Rain and dew were the main sources of water. West of the Jordan streams usually dried up outside the rainy season (cf. Amos 5:24 where a "permanent torrent" is seen as an unusual blessing). Since many parts of Israel are almost without rain from May to September cisterns and wells are vital.
Water was stored in large holes cut into rock (best for retaining water) or dug in soil and lined with lime to make them waterproof (easier, but less effective, a cracked cistern was a terrible waste of a vital resource, cf. Jer 2:13).
To minimize evaporation cisterns had small entrance holes that were plugged with stone stoppers like the one shown. (Both pictures are of a cistern at Kirbet Taqu`a from Clifford)
Iron tools made good cisterns less difficult to cut, and so the highlands of Palestine really became economically viable for a larger population in the Iron Age (which roughly corresponds to the time of Israel's installation in Canaan).
Even though there was no perennial stream, there might still have been permanent availability of water under the surface. Such sources were necessary for the large numbers of people who form a city. For defense, cities were built on higher ground, thus the well or spring (which are low lying) was usually outside the walls. Since this was vulnerable in time of war, elaborate water supply systems developed for the major cities, such as those at: Megiddo, Jerusalem and Hazor.
The water tunnel at Megiddo is some 60m in length
These systems varied according to the situation, essentially the aim was to provide access to the well or spring from inside the city walls and then cover over and hide the outside entrance. Usually this meant tunneling.

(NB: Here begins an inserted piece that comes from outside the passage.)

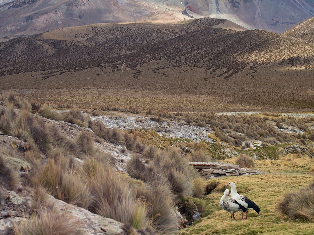 点评:Salida desde La Paz, el Prado 06:00 am. tour me costo 190 Bs. El paisaje es hermoso si el ALTIPLANO te interesa, sino es solo desierto y puedes ir durmiendo. Si no vas viendo tu celular y miras la ventana, encontraras llamas, alpacas, vicuñas, aves, y flores de cactus durante las 6 horas que toma llegar a las aguas termales. Debido a que vas en bus muchas horas, recomiendo tener buena musica, audifonos comodos, un termo con cafe caliente porque hay areas en las que te hace frio. Compre en Patacamaya un charque de llama, DELICIOSO!! uff, que sabores, el restaurante se llama Sajama, el chaque lo comi al salir de las aguas termales, el tour incluia almuerzo pero debes saber que sales con hambre. Lleve chocolate RUAH, wow que maravilla de chocolate! y mucha agua. Bloqueador solar y sombrero! el sol DUELE A 4200 metros. Disfruta de ver al los hermanos volanes Parinacota y Pomarape y bañarte, si logras hacerlo temprano antes que la multitud de turistas ataque el area frente al Sajama.
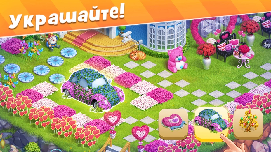 • 🌳 Ландшафтный дизайн — прокладывайте дорожки, разбивайте клумбы, ставьте заборчики и фонари. Превратите усадьбу в райский сад.

The entrance to the spring at Megiddo was blocked by a wall and then soil fill
At Megiddo the main system is believed to have been produced in the 9th Century BCE. There the spring was at the base of the steep sided mound on which the city is built. A huge pit (34m/115ft deep) - its sides lined with stone to prevent erosion - was dug into the hill down to the level of this spring. At the top digging was easy as here they were digging through the rubble of centuries of previous occupants. When they reached rock, excavation must have been slow!
After the pit an access tunnel was cut (60m/200ft horizontally) out to the water. There a wall was built and the entrance covered with earth and plants to protect the spring from enemies.